Tables are easily accessible, while you have to use esotic instruments to read from a queue.
That doesn't fit with my experience. Tables are accessed through this peculiar "other language" (SQL), and requires that I be aware of structure mappings from tables to objects and data type mappings from VARCHAR2 to String. Further, I have to use some kind of access layer (JDBC or an ORM which uses JDBC). That seems very, very complex. A queue is accessed through MessageConsumers and MessageProducers using simple sends and receives.
It sounds as though the problems you've experienced are not inherent to messaging, but rather are artifacts of poorly-implemented messaging systems. Is building messaging systems harder than building database systems? Yes, if all you ever do is build database systems.
Losing messages to uncaught exceptions? That's hardly the fault of the message queue. The applications you're using are poorly engineered. They're removing messages from the queue before processing completes. They're not using transactions, or journalling.
Message queues fill up while DB storage is "virtually infinite"? You talk as though managing disk space were something that databases didn't require. Message queue servers require administration, just like database servers do.
Esoteric instruments to read from a queue? Maybe if you find asynchronous methods esoteric. Maybe if you find serialization and deserialization esoteric. (At least, those are the things I found esoteric when I was learning messaging. Like many seemingly-esoteric technologies, they're actually quite mundane once you understand them, and understanding them is an important part of the seasoned developer's education.)
Aspects of messaging that make it superior to databases:
Asynchronous processing. Message queues notify waiting processes when new messages arrive. To accomplish this functionality in a database, the waiting processes have to poll the database.
Separation of concerns. The communications channel is decoupled from the implementation details of the message content. Only the sender and the receiver need to know anything about the format of the data stream within a given message.
Fault-tolerance.. Messaging can function when connections between servers are intermittent. Message queues can store messages locally and only forward them to remote servers when the connection is live.
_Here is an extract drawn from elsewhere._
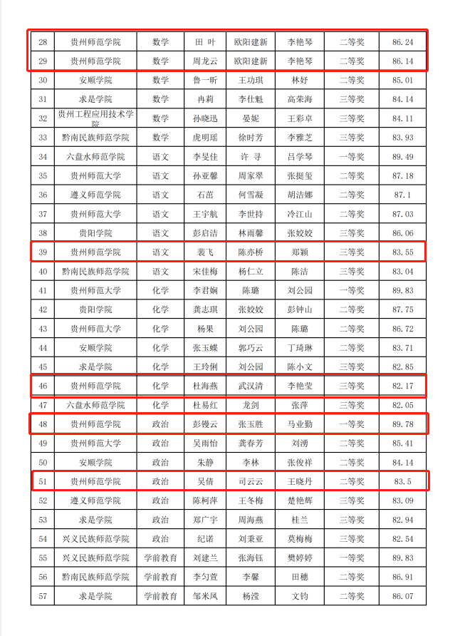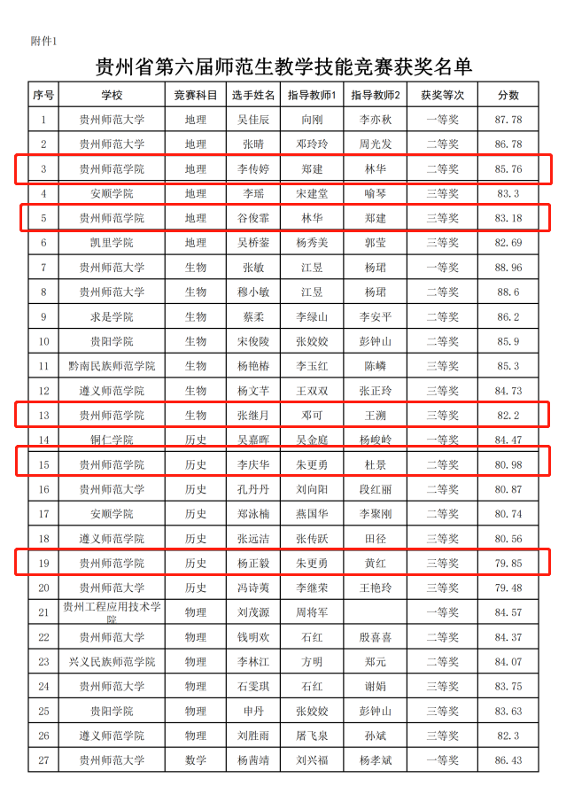 7月14-15日,由贵州省教育厅主办、贵州师范大学承办的贵州省第六届师范生教学技能竞赛在贵州师范大学花溪校区举行。YABO鸭脖学子不负众望,最终获得一等奖2项,二等奖6项,三等奖8项,一、二等奖和获奖总数均位列全省所有参赛院校第二。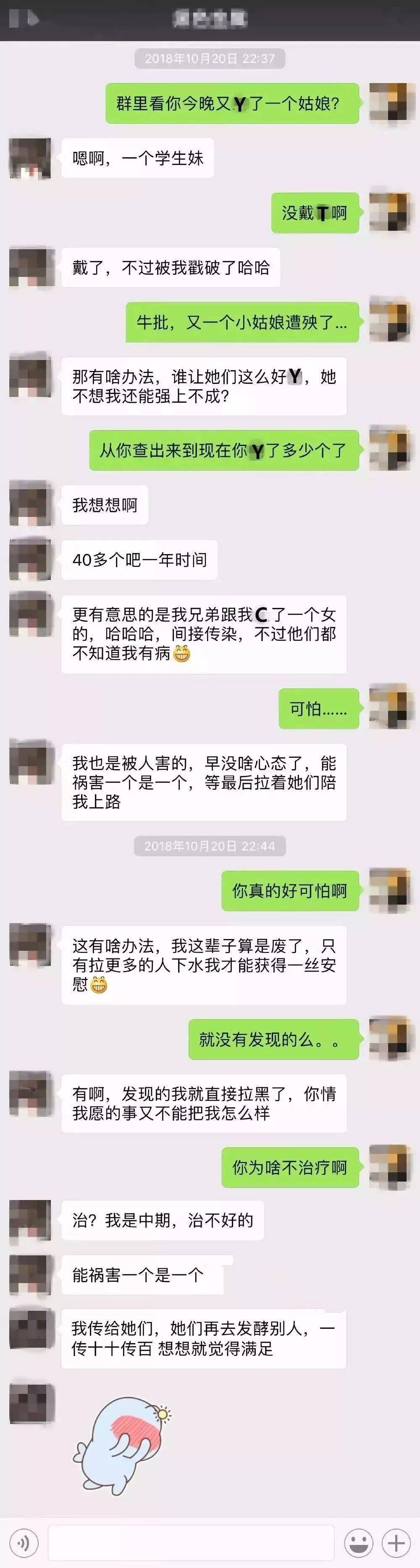 某个社交圈HIV人渣感染者与朋友之间的对话:

Systems integration. In the Windows world, at least, messaging is built into the operating system. It uses the OS's security model, it's managed through the OS's tools, etc.
If you don't need these things, you probably don't need messaging.
Here's a simple example of an application for messaging: I'm building a system right now where users, distributed across multiple networks, are entering fairly intricate sets of transactions that are used to produce printed output. Output generation is computationally expensive and not part of their workflow; i.e. the users don't care when the output gets generated, just that it does.
So we serialize the transactions into a message and drop it in a queue. A process running on a server grabs messages from the queue, produces the output, and stores the output in an imaging system.
If we used a database as our message store, we'd have to come up with a schema to store a transaction format that right now only the sender and receiver care about, we'd need to make sure every workstation on the network had permanent persistent connections to the database server, we'd have no capacity to distribute this transaction load across multiple servers, and our output server would have to query the database thousands of times a day waiting to see if there were new jobs to process.
Queues provide reliable messaging. The store-and-forward, disconnected nature of queueing make it much more scalable than databases, not to mention more robust.
And queues shouldn't really be used for permanent storage of information - it is best to think of them as temporary inboxes, unlike databases.